He wheeled upon his heel and was gone.

XXII
THE SQUAW MAN

Captain Ranger overtook his train at a late hour, still nursing his towering wrath. His face was livid, and his breathing stertorous. Snatching the ox-whip from the hands of Jean and frightening the discouraged cattle into the semblance of an attempt at hurry by the cruel vehemence with which he belabored their lash-beflecked hides, he urged them forward, never once relaxing his attacks with the whip till he had rushed them over the uneven road and rocks for six or seven miles.

“Daddie is in a terrible tantrum over something very unusual,” said Jean. “Do you know what is the matter?” she asked aside, addressing Sally O’Dowd.

“No, Jean; unless he had some hot words with that post-trader.

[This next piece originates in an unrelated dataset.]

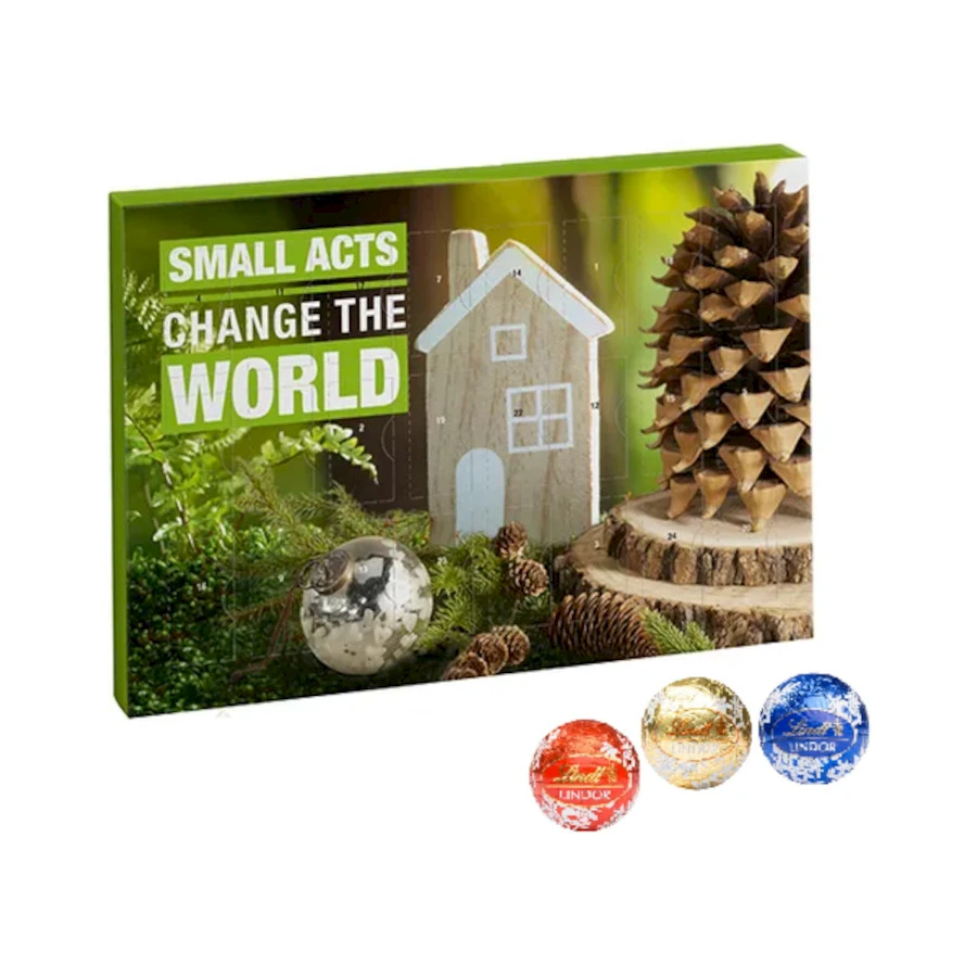 Eko Lindor Praliné suklaajoulukalenteri. Adventtikalenteri on valmistettu FSC-sertifioidusta kartongista ja se on täysin muoviton ja 100 % kierrätettävä. Sopii seinäkalenteriksi ja pöytäkalenteriksi. Suklaajoulukalenterin sisällä 24 Lindt Lindorin maitosuklaa, valkosuklaa ja tummasuklaata. Säilyvyys 6 kk. Joulukalenteri Lindt voidaan toteuttaa omalla aineistolla.
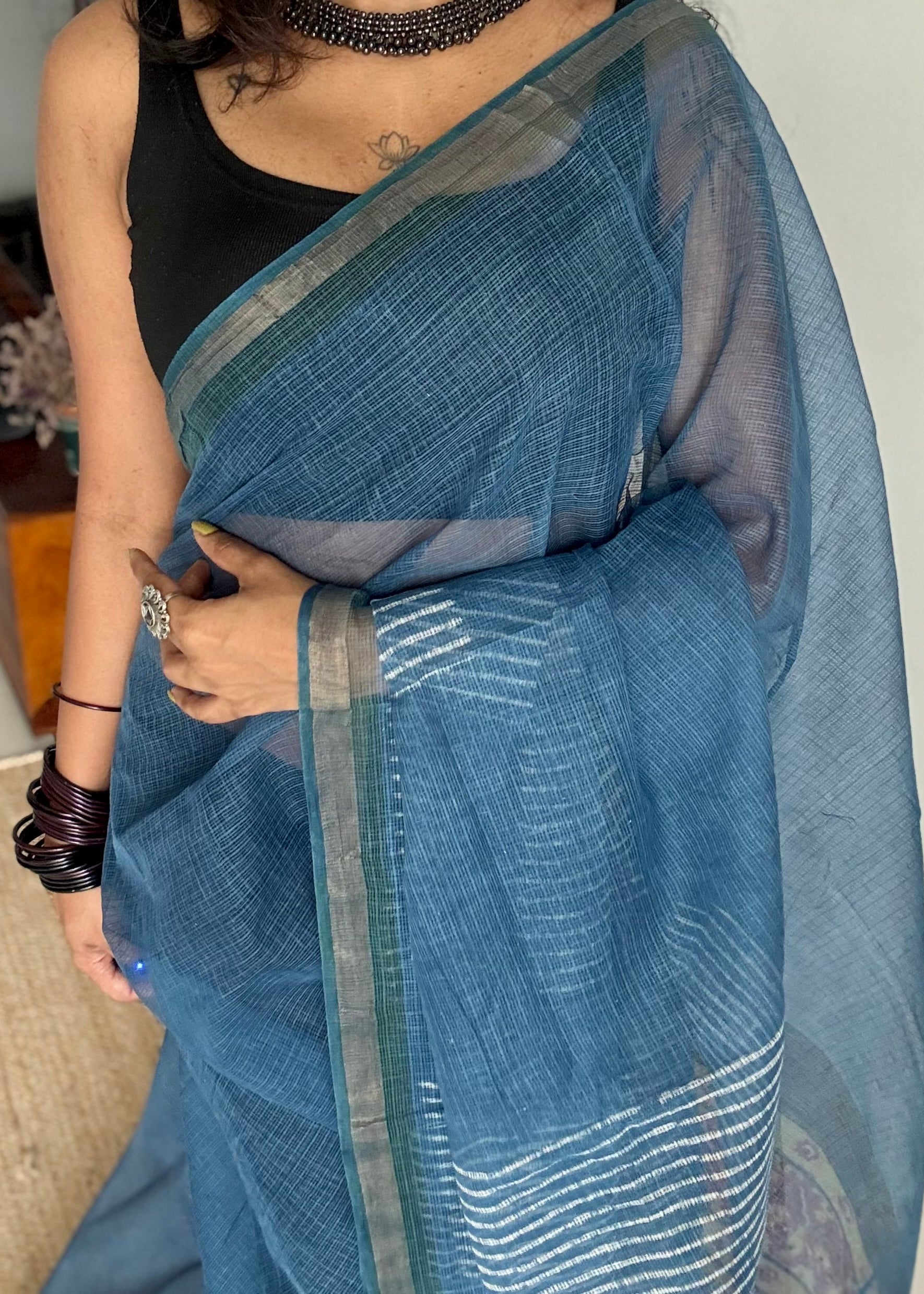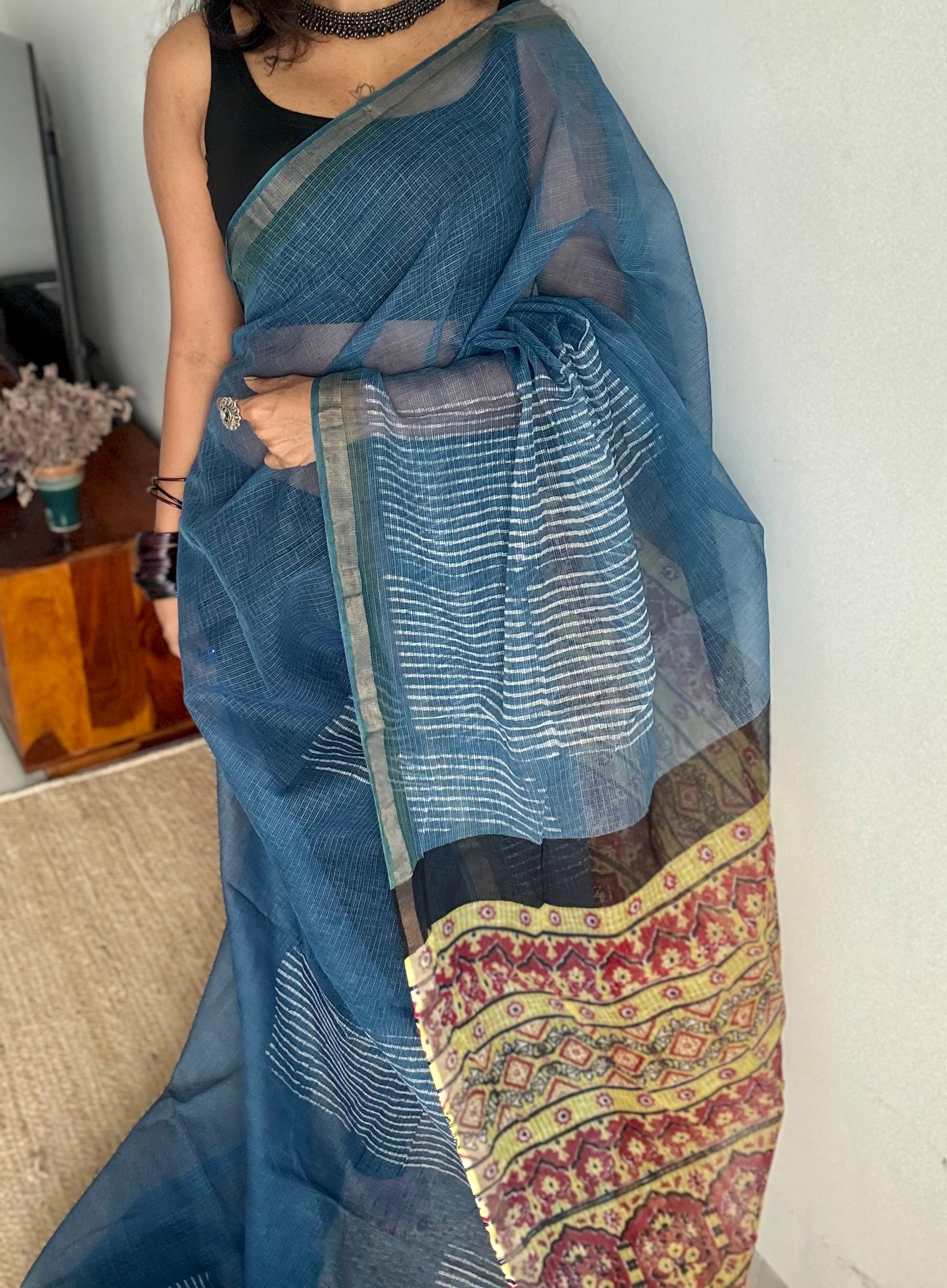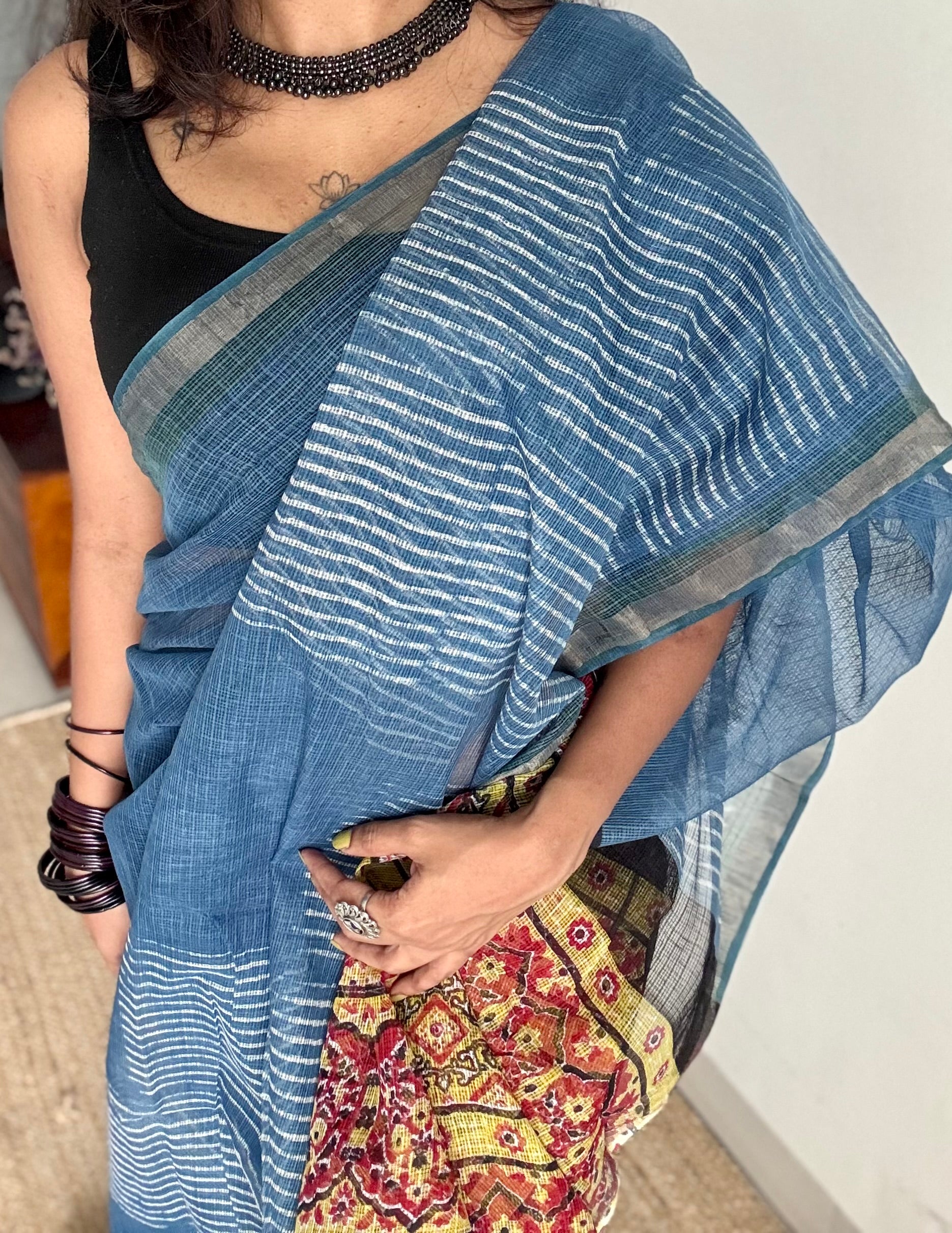 Indigo draped in white geometric lines, framed by an antique gold border touched with a gentle green hue and a colourful pallu. Neelvahini feels fluid and composed, a saree that moves like calm waters under moonlight.

I know he thought ten dollars a hundred for flour was robbery. And think of a dollar a pound for dried peaches!”

“Daddie’s not idiot enough to work himself into a fever over a trifle like that,” answered Jean. “But suppose he has been thrown into a passion by anybody, the poor half-sick and half-famished oxen ought not to be punished for it. He reminds me of an old Kentucky slave-owner who got so mad because one of his sons failed to pass his first exams at West Point that he went out, as soon as he heard about it, and cruelly whipped a nigger.” And falling back to the family team, beside which Hal was trudging, whip in hand, striving to keep the jaded cattle close behind his father’s oxen, she dropped hastily on one knee on the wagon-tongue and climbed nimbly to a seat.

“That trader is still sitting by the roadside,” she cried to Sally, who was trudging through the sand. “He’s digging the earth with a jack-knife or dirk, or some other sharp implement, and seems quite as savage and out of humor as daddie. Wonder what daddie said to him.”

One by one the wagons passed the solitary trader, who had climbed to a low ledge of rocks, where he sat as silent as the sun. His knife had fallen to the ground and lay glittering at his feet. His broad sombrero shaded his face.

The sudden rebound from the great happiness that had been his when first informed that he was not a murderer and an outlaw, to the abject position of a spurned and degraded “squaw man” seemed more than he could bear. “I am not a murderer, though, and that’s some comfort,” he moaned. “But I am still a Pariah,—an outcast from my own people. What will my dear mother think of me when John acquaints her with the facts? What will my father say or do?”

It is well that Mother Nature, in her wisdom and mercy, has provided a limit to human suffering, else everybody in this world would at times become insane.